Segment Start: Data for analysis

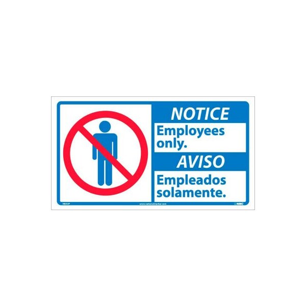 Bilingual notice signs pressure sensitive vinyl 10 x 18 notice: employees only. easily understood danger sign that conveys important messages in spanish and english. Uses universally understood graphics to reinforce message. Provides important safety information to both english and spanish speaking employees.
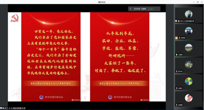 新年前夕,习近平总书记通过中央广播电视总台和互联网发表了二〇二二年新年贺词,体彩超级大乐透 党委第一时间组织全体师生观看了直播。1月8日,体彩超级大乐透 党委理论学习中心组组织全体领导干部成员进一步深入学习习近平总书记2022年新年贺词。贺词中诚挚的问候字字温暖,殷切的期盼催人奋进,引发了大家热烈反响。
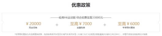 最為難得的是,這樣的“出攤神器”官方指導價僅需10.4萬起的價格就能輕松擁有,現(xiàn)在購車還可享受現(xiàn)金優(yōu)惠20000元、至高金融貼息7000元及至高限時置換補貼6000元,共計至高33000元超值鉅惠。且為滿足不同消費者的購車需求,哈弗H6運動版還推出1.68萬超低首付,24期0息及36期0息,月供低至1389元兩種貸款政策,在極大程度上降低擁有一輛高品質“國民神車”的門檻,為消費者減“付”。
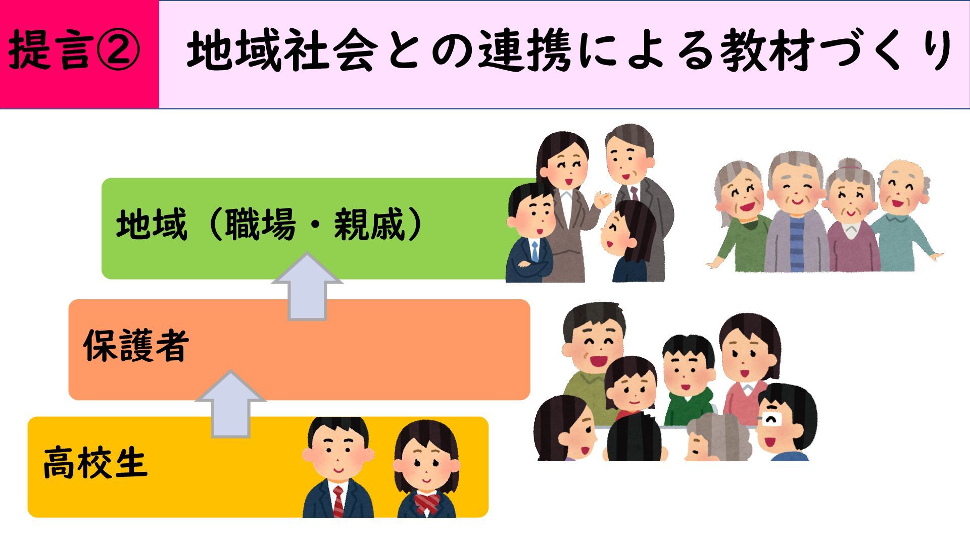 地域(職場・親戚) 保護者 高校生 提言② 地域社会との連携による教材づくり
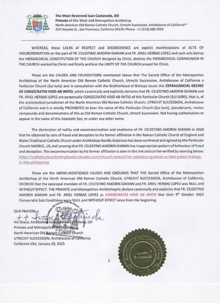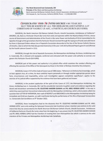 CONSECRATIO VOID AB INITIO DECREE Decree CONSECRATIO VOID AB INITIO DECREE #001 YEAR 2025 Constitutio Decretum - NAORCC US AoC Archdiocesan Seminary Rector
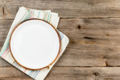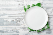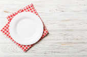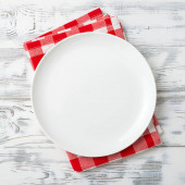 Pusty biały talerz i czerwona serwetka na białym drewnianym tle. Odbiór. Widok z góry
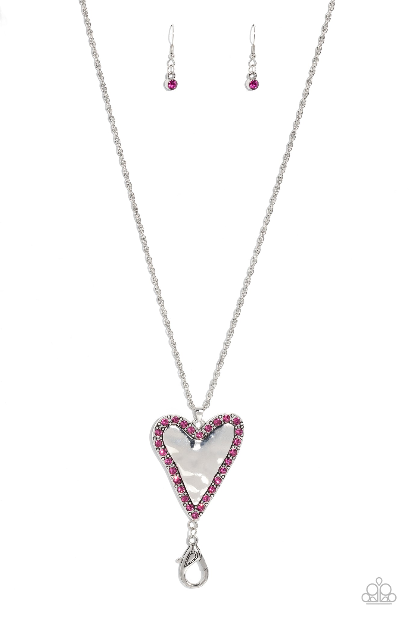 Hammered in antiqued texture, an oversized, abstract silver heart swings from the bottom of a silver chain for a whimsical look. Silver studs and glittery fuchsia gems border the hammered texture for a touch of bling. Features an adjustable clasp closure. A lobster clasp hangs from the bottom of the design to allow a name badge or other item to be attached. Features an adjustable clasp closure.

Segment End: Data for analysis
Segment Start: Data for analysis

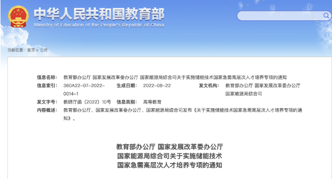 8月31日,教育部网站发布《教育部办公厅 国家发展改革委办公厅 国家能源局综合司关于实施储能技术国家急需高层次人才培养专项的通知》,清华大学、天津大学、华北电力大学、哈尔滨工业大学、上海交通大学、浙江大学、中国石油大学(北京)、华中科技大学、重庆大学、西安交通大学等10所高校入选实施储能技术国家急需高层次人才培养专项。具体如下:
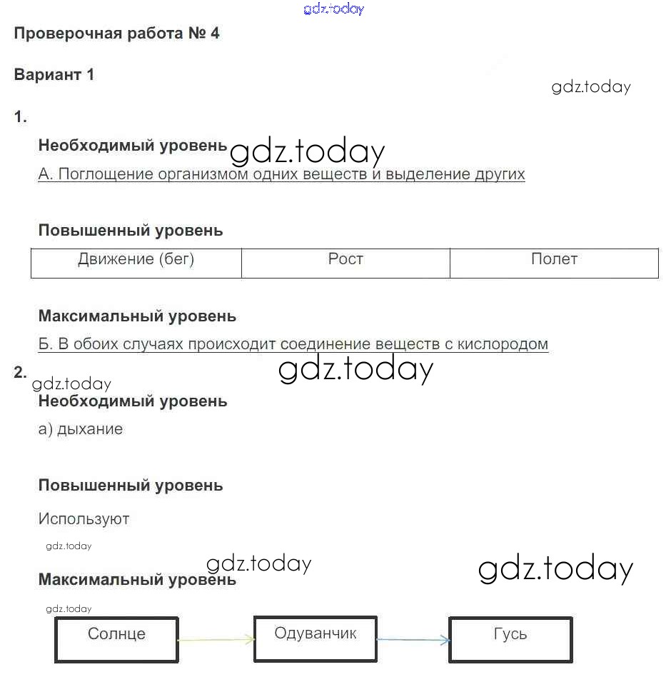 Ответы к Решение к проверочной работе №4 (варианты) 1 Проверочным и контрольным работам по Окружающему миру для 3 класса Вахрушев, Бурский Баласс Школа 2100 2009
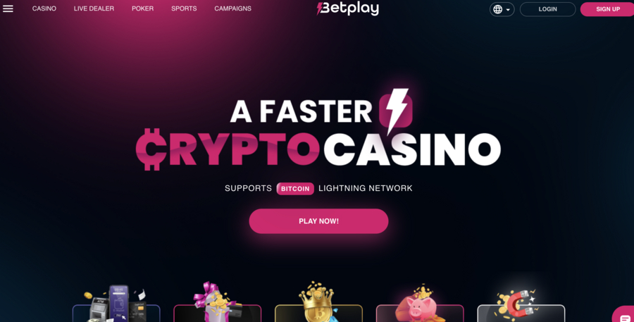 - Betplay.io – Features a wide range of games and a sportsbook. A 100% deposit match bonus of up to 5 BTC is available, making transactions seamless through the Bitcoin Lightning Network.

Segment End: Data for analysis
Segment Start: Data for analysis

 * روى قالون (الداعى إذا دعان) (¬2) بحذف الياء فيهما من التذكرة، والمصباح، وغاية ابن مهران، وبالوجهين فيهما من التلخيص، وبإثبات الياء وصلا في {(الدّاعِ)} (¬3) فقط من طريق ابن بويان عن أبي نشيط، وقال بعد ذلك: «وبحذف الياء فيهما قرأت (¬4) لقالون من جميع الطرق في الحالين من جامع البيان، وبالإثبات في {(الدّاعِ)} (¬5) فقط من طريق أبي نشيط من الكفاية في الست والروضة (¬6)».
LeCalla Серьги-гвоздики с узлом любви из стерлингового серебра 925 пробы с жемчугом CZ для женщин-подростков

Segment End: Data for analysis

# Assignment
Going back to the entries above, set down exactly the lines that begin at the one with "روى قالون (الداعى" and end at the one with "LeCalla Серьги-гвоздики с", both included, and nothing else.

# Result
 * روى قالون (الداعى إذا دعان) (¬2) بحذف الياء فيهما من التذكرة، والمصباح، وغاية ابن مهران، وبالوجهين فيهما من التلخيص، وبإثبات الياء وصلا في {(الدّاعِ)} (¬3) فقط من طريق ابن بويان عن أبي نشيط، وقال بعد ذلك: «وبحذف الياء فيهما قرأت (¬4) لقالون من جميع الطرق في الحالين من جامع البيان، وبالإثبات في {(الدّاعِ)} (¬5) فقط من طريق أبي نشيط من الكفاية في الست والروضة (¬6)».
LeCalla Серьги-гвоздики с узлом любви из стерлингового серебра 925 пробы с жемчугом CZ для женщин-подростков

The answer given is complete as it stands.